*** Opening of INFORMATION SUPPLIED ***
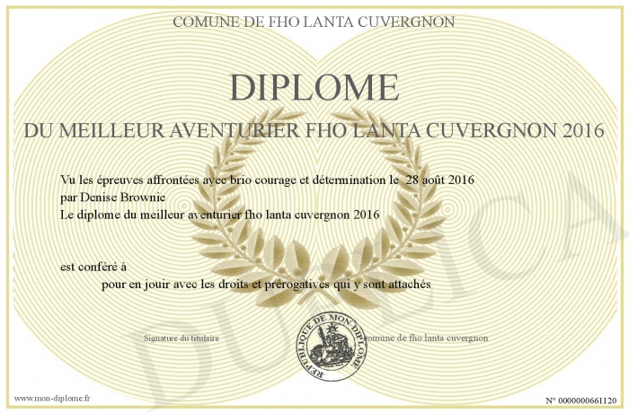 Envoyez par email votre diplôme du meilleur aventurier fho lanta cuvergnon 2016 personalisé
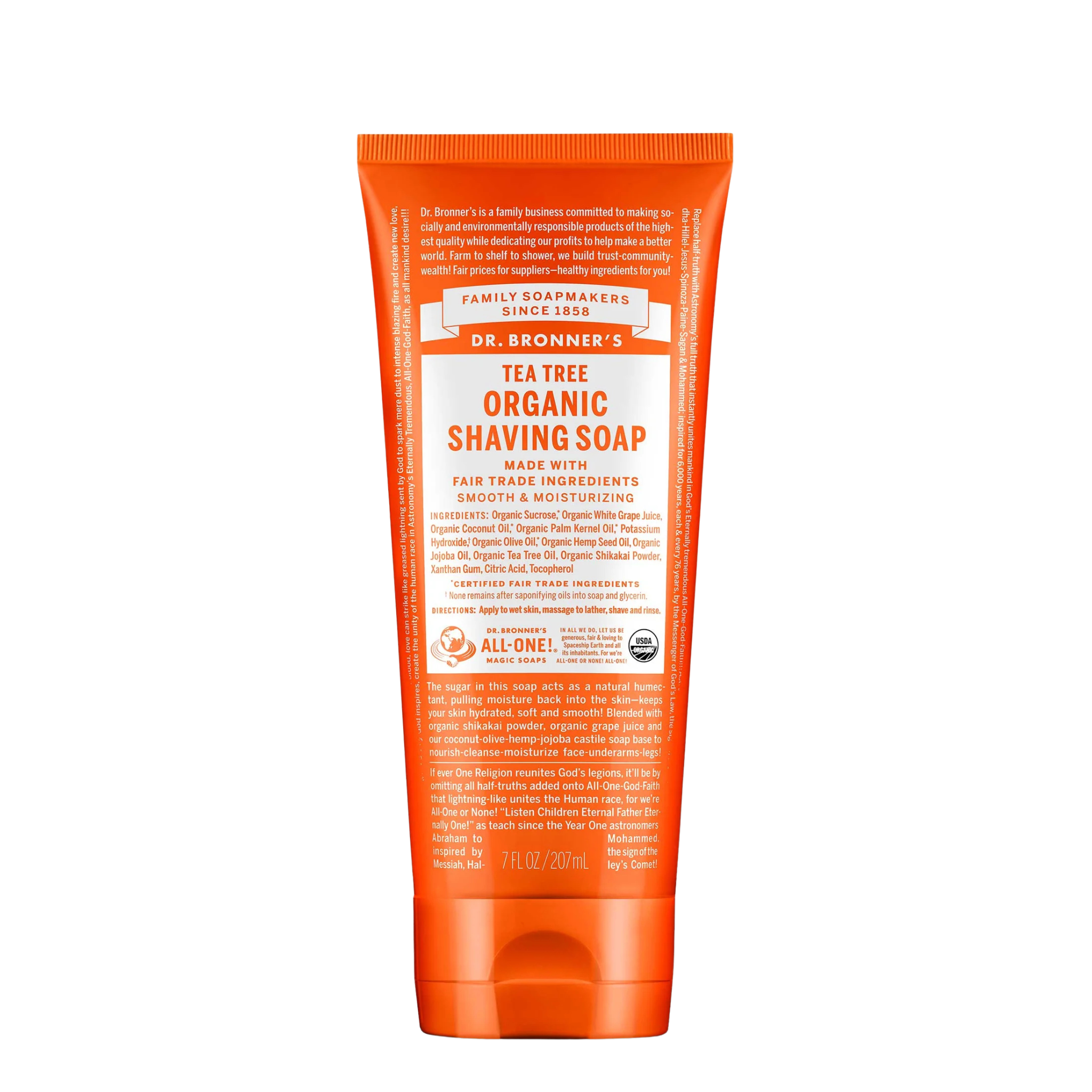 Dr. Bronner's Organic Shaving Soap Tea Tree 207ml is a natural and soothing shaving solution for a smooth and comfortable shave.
*** Close of INFORMATION SUPPLIED ***
*** Opening of INFORMATION SUPPLIED ***
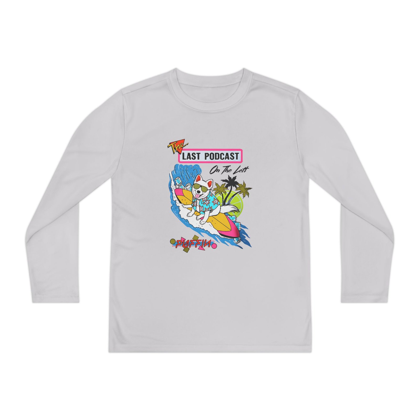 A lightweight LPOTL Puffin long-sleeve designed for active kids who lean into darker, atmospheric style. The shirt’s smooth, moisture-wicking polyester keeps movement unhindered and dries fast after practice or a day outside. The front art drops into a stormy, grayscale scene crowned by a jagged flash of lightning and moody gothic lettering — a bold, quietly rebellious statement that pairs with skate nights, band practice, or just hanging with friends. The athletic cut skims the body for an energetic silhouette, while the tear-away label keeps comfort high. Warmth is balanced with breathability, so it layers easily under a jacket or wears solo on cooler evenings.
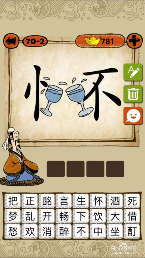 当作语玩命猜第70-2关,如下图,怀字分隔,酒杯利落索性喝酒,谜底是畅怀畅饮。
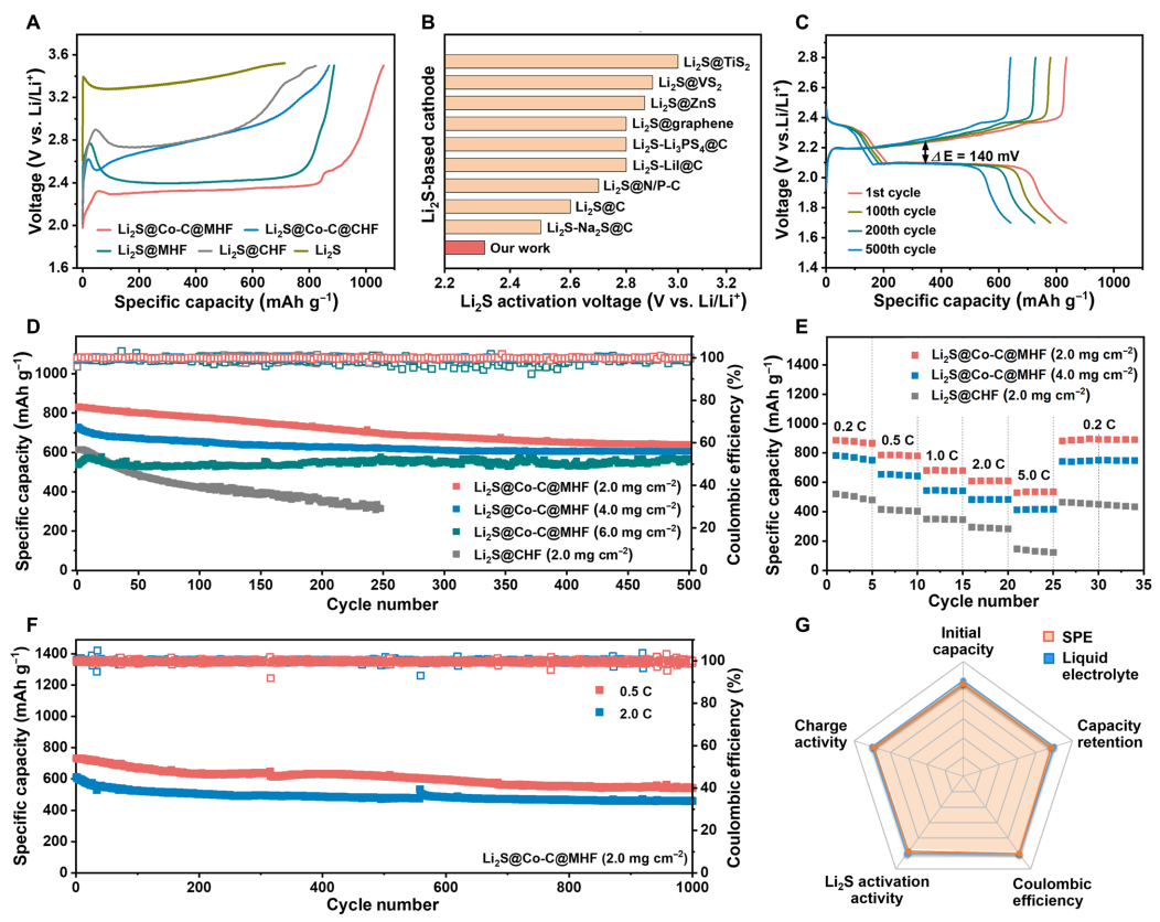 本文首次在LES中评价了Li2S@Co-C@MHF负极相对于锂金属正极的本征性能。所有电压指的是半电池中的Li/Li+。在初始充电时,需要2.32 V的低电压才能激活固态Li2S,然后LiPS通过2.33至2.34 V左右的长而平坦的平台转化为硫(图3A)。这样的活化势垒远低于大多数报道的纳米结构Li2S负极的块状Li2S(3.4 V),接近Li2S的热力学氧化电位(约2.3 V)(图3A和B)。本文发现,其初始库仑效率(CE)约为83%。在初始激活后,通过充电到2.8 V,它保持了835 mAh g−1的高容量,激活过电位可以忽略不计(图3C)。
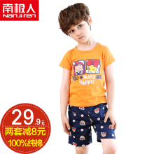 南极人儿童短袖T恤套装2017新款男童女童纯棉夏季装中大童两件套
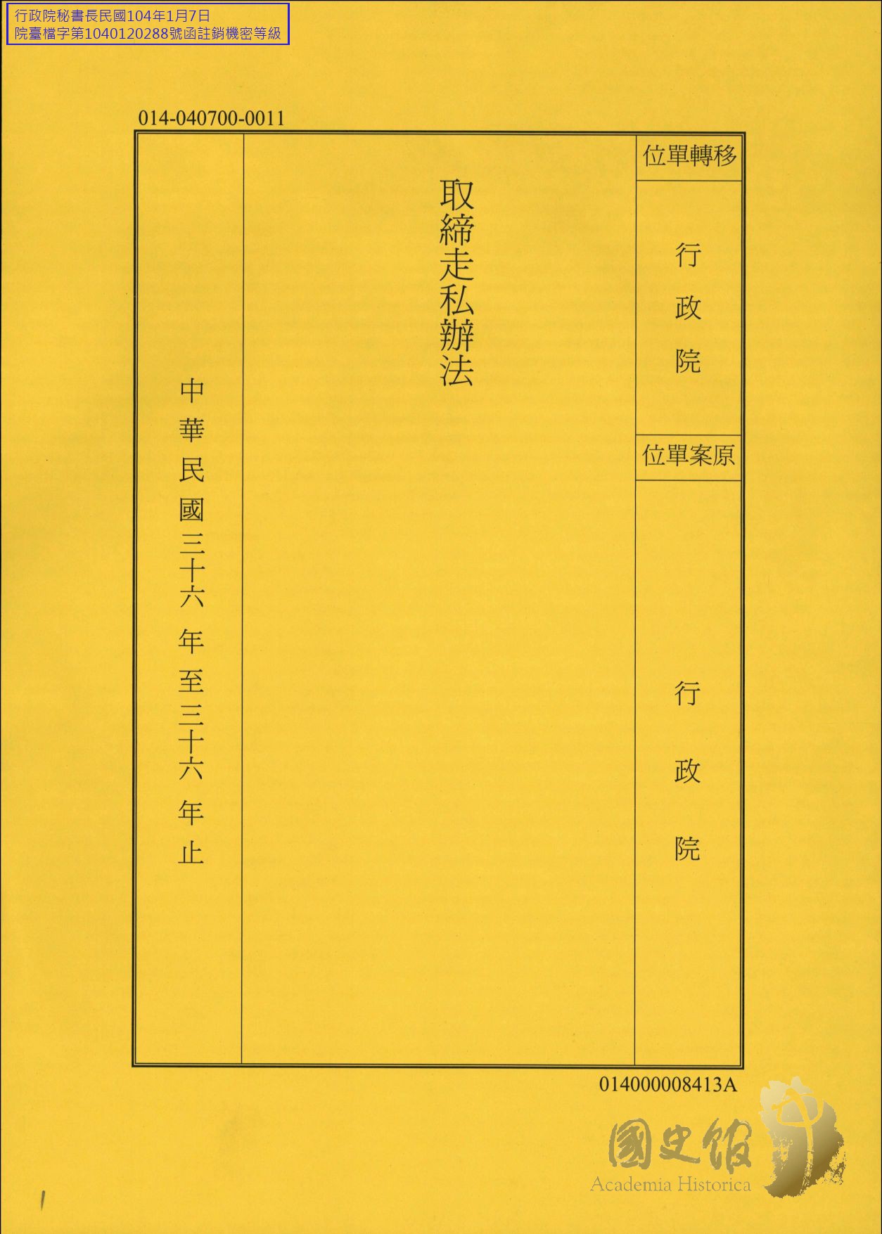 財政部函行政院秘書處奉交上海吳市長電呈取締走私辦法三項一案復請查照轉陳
*** Close of INFORMATION SUPPLIED ***
*** Opening of INFORMATION SUPPLIED ***
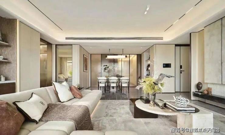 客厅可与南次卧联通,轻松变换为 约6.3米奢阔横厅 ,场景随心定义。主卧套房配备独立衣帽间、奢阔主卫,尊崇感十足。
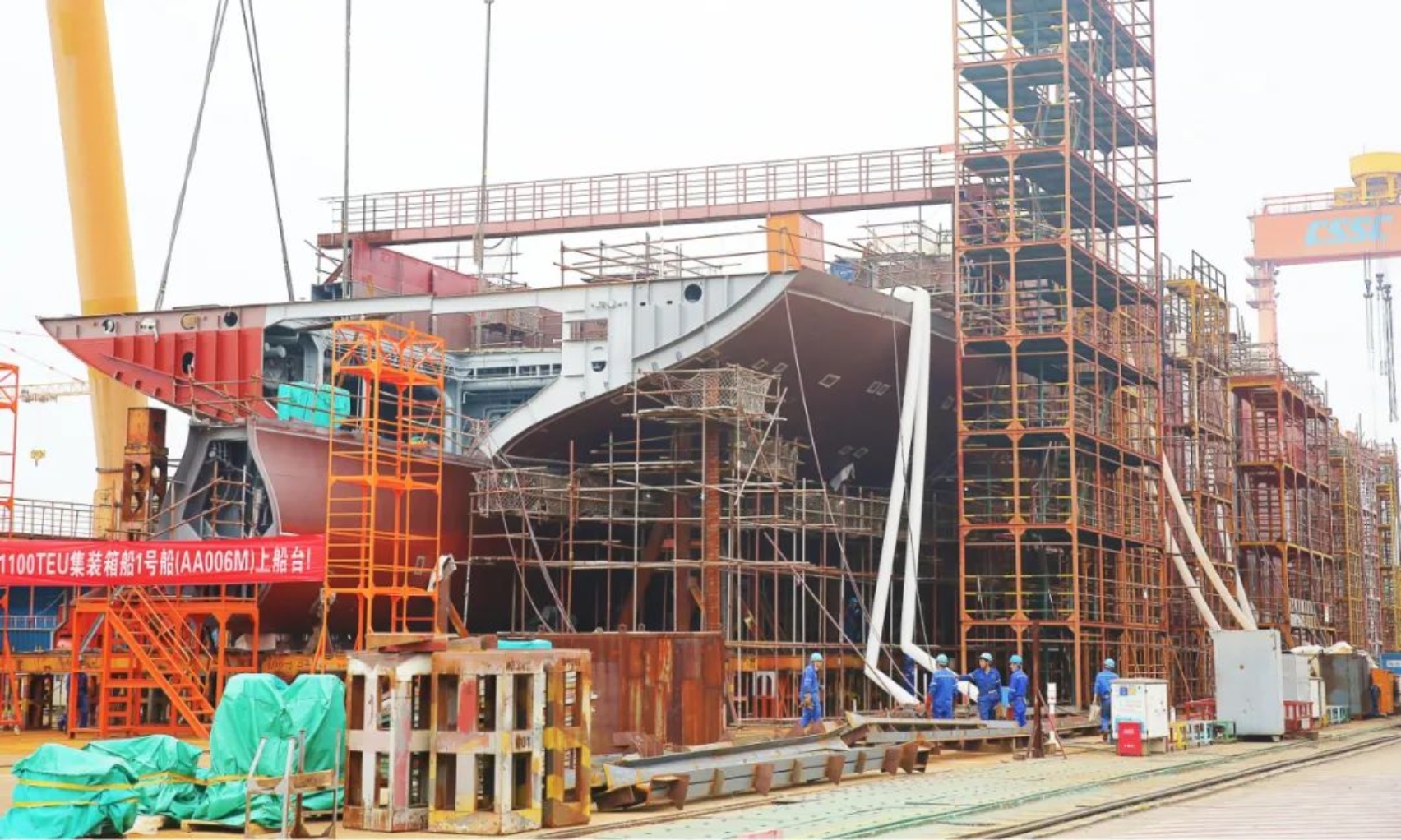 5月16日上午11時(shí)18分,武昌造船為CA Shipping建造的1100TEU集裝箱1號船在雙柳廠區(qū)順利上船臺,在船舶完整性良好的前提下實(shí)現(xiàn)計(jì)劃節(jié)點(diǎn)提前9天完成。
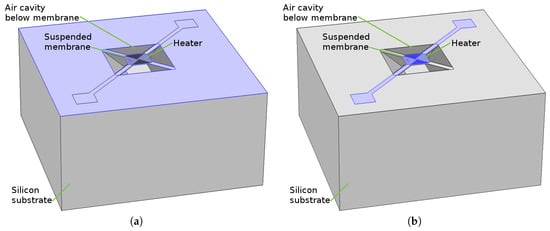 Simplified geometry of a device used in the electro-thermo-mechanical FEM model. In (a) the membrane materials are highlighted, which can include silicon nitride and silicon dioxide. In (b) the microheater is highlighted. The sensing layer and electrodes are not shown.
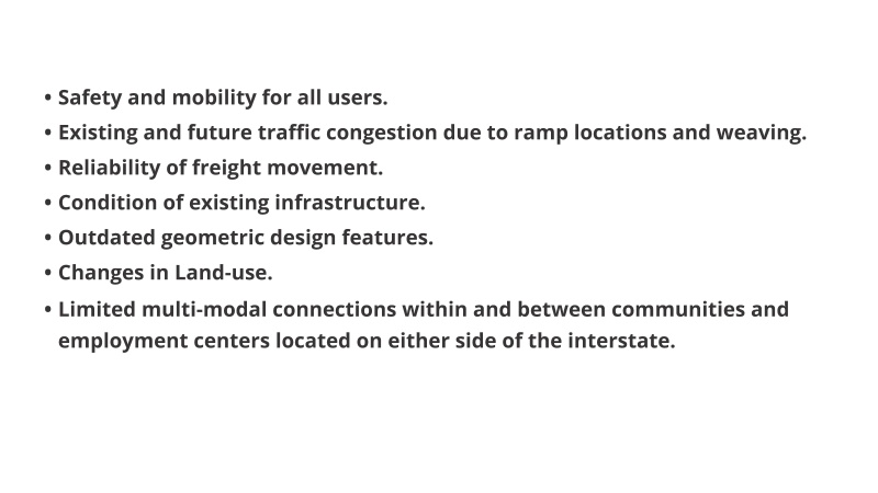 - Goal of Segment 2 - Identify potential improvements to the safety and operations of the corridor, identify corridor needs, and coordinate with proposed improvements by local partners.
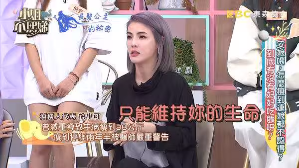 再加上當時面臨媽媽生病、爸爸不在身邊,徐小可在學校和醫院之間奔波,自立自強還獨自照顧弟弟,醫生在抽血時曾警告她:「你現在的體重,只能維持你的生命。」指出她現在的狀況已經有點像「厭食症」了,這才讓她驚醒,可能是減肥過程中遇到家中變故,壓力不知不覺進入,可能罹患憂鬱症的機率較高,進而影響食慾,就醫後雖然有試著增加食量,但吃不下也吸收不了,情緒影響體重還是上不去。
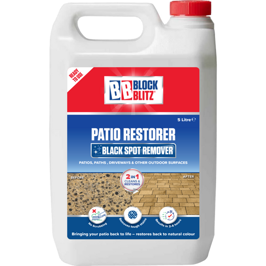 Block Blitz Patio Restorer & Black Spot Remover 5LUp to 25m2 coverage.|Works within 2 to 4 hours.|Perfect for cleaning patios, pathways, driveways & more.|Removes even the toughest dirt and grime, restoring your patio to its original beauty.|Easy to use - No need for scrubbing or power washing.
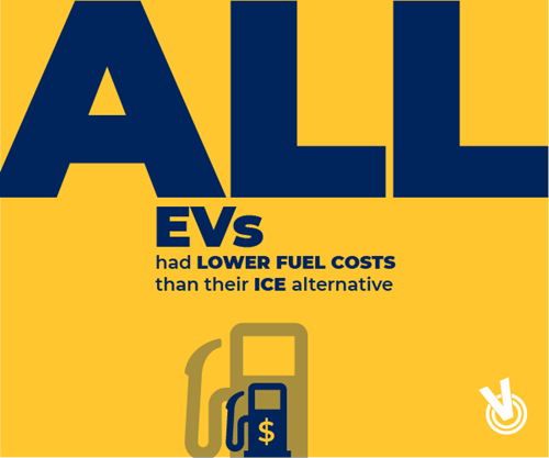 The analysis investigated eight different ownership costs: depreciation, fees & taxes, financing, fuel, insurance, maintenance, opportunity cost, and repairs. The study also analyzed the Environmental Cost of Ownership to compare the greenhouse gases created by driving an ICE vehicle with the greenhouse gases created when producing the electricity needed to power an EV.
*** Close of INFORMATION SUPPLIED ***
● **WHAT THIS TASK INVOLVES**:
Using the data above, print only the lines starting at the one with "客厅可与南次卧联通,轻松变换为 约6.3米奢阔横厅 ,场景随心定义。主卧套房配备独立衣帽间、奢阔主卫,尊崇感十足。" and ending at the one with "Simplified geometry of", exactly as they stand, minus the pictures.

● **RESULT FOR THIS EXERCISE**:
 客厅可与南次卧联通,轻松变换为 约6.3米奢阔横厅 ,场景随心定义。主卧套房配备独立衣帽间、奢阔主卫,尊崇感十足。
 5月16日上午11時(shí)18分,武昌造船為CA Shipping建造的1100TEU集裝箱1號船在雙柳廠區(qū)順利上船臺,在船舶完整性良好的前提下實(shí)現(xiàn)計(jì)劃節(jié)點(diǎn)提前9天完成。
 Simplified geometry of a device used in the electro-thermo-mechanical FEM model. In (a) the membrane materials are highlighted, which can include silicon nitride and silicon dioxide. In (b) the microheater is highlighted. The sensing layer and electrodes are not shown.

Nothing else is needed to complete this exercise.